Now I've officially heard it all. God, it's straight out of Samuel Beckett's Waiting for Godot. Next Leash Lady (like Pozzo, to his manservant-on-a-leash Lucky in Godot) will be whipping her girlfriend as she walks along, saying stuff like "Basket!" "Pipe!" and "Dance, hog!"
Here's one idea. Ask Leash Lady if you can "pat" her girlfriend, then tousle the girlfriend's hair, scratch her behind the ears, then reach in your pocket and bring out a "treat," like a piece of Brie on a toothpick, or some coconut shrimp, and give it to her, saying "Attagirl!" and "Good girl!" the whole time.
I kid, of course. The above suggestions are "for entertainment purposes only." When you unpack this dilemma, it's actually kind of a tough (or maybe I should say rrrruff!) one.

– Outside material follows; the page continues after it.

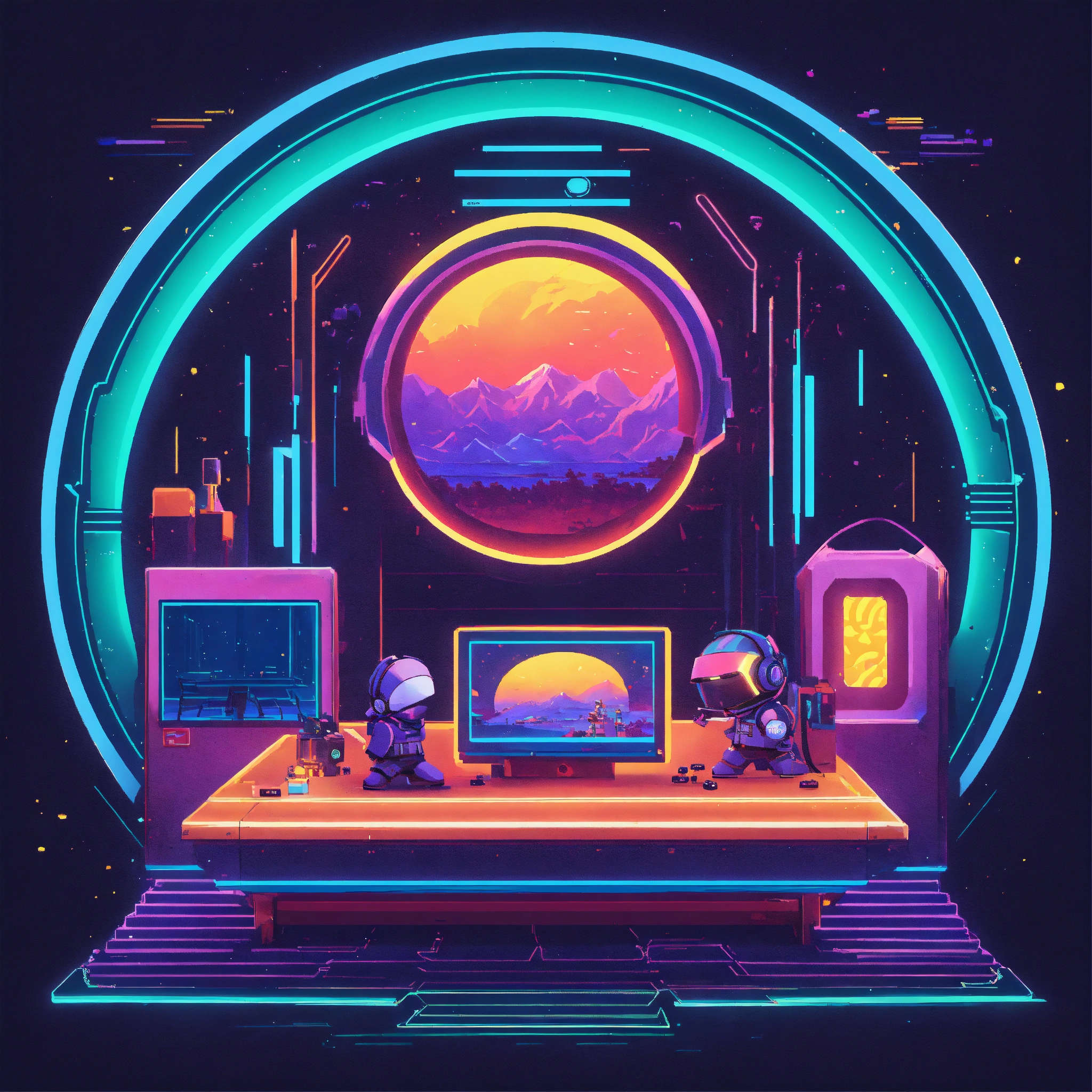 As a forward-focused gaming company, envision a design prompt that encapsulates our future-oriented ethos. develop a minimalist chibi 16-bit arcade artwork, showcasing a gamer seamlessly intertwining the worlds of gaming and education. cultivate a sleek, minimalist logo, symbolizing the fusion of these two realms and embodying an avant-garde approach to content. incorporate subtle neon accents for a touch of futurism and maintain a sleek, textured, splotchy style. this design will serve as the cornerstone of our brand, projecting a modern, future-oriented image for our company, which pioneers the future of gaming and learning without resorting to text-heavy elements.

On the one hand, I understand the temptation to go up to Leash Lady and say something like: "Hey could you please, like, not do that?"

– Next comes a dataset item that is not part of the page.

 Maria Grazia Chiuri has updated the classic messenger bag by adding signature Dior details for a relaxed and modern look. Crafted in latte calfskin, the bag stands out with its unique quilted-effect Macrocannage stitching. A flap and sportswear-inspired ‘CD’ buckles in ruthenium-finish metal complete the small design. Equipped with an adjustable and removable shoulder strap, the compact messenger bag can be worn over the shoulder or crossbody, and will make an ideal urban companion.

I mean, I think you've handled your daughter's questions in a very elegant and clever fashion, so far. But as time goes by, she may come to doubt what you've told her – or some older kid will tip her off. And she may resent you for that – and why should you have to go through all that because Miss Knotty Dreads likes to parade her personal kink for all to see?

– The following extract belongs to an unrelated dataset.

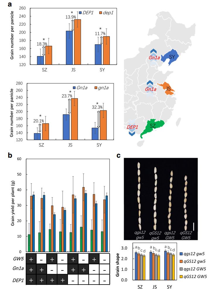 為了揭示生態(tài)環(huán)境與遺傳背景對基因功能的影響,首先,作者發(fā)現(xiàn)Gn1a對水稻單穗籽粒數(shù)目的貢獻(xiàn)主要集中在江蘇與沈陽兩個(gè)實(shí)驗(yàn)點(diǎn),而DEP1僅僅在深圳被檢測到是控制單穗籽粒數(shù)目的QTL(圖6)。對以上三個(gè)種植區(qū),又進(jìn)一步比較攜帶有 DEP1/dep1與Gn1a/gn1a的不同水稻材料,結(jié)果發(fā)現(xiàn)在高緯度生態(tài)區(qū)dep1對單穗籽粒數(shù)目的貢獻(xiàn)減少,而gn1a對其貢獻(xiàn)明顯增強(qiáng)(圖6)。類似地,DTH8、 SDG708與PHYB在江蘇均被檢測到,而PHYB在深圳也被檢測到,同樣, DTH8、 SDG708在沈陽也被檢測到;結(jié)果顯示DTH8、SDG708幾乎不會(huì)影響在深圳的抽穗期,PHYB在沈陽有較弱的作用(圖6)。概括起來,Gn1a、 SDG708、SD1與GW5的功能在高緯度地區(qū)被增強(qiáng),另一方面,PHYB與DEP1的功能隨著緯度的北移被破壞,有趣的是,DTH8在中緯度地區(qū)具有較強(qiáng)的功能,緯度的南移或北移都會(huì)削弱其功能。

But here's the thing: You can just bet – you know – Leash Lady is just dying for someone to come up to her. Parading your girlfriend through a residential street on the end of a leash is a classic case of "épater la bourgeoisie" – like when the Surrealist poet Gérard de Nerval used to promenade his pet lobster Thibault through the streets of Paris on the end of a blue ribbon. It's a deliberate act of provocation and nose-thumbing to your "conventional thinking" and "bourgeois, materialistic values."
Basically, I'd worry that if you approach her in any kind of confrontational fashion, what will be unleashed is not her girlfriend but a hostility-laced tirade, aimed at you, on her sexual rights, your right to judge, interfering busybodies, etc. And public discourse is already so full of hostile exchanges, I feel. (Last fall, my wife Pam was riding her bike sans helmet and a woman in an SUV pulled up, rolled down her window and said: "Did you forget your helmet or are you just stupid?" After that encounter I came up with an all-purpose riposte: Simply drolly cock an eyebrow and say "Been a while?")
It sounds like you feel it's a happy, consensual relationship, and there's nothing dangerous going on in that basement. So if I were you I'd just relax, and enjoy/ignore Leash Lady's exhibitionistic display. All part of the fun and pageantry of living in the big city, right? Smile and wave and act like it's normal when she sashays past. It's no fun to épater la bourgeoisie if the bourgeoisie acts all blasé, and maybe she'll get bored of trying after a while.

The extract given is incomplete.